Quelque soit l’heure du match, la bière coule à flot. Des litres d’alcool, bus sous l’œil vigilant des policiers qui peuvent à tout moment interdire l’accès au stade aux supporters les plus éméchés. Pour gagner la tribune, deuxième contrôle effectué par les vigiles du club, ils ont carte blanche pour refouler les fauteurs de trouble, même s’ils ont payé leur billet au prix fort. Pendant la rencontre, les caméras de surveillance permettent de repérer les fans un peu trop excités et donc d’empêcher ce genre de comportement. Quant aux individus les plus dangereux, ils figurent sur un fichier national et sont, tout simplement, privés de football. A chaque rencontre, ces 3000 hooligans doivent se présenter au commissariat de leur quartier.

« La police britannique est devenue la meilleure au monde pour tout ce qui touche au hooliganisme. Ils ont créé une unité spéciale qui ne s’occupe que de nous. Alors, pour être honnête, je n’essaye même pas d’aller au stade. Je sais très bien que quoi que je fasse, je ne pourrais pas rentrer. »

 

La traque des hooligans ne s’arrête pas aux frontières du royaume. Dès qu’une équipe anglaise joue à l’étranger, la police patrouille les aéroports et vérifie l’identité des supporters.
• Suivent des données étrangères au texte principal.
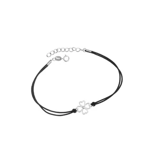 Odkryj naszą srebrną bransoletkę 925 na czarnym sznurku z motywem koniczynki szczęścia. Ta piękna biżuteria łączy w sobie szlachetność srebra próby 925 z ele...

« S’ils viennent à l’aéroport, c’est qu’ils n’ont pas remis leur passeport à la police comme la loi l’impose. Nous pouvons alors les arrêter. Ils risquent 6 mois de prison ou 6000 euros d’amende. »

 

Une politique répressive qui a porté ses fruits. Débarrassés des hooligans, les stades anglais ont retrouvé un certain fair-play, même si les injures et les sifflets n’ont pas disparu.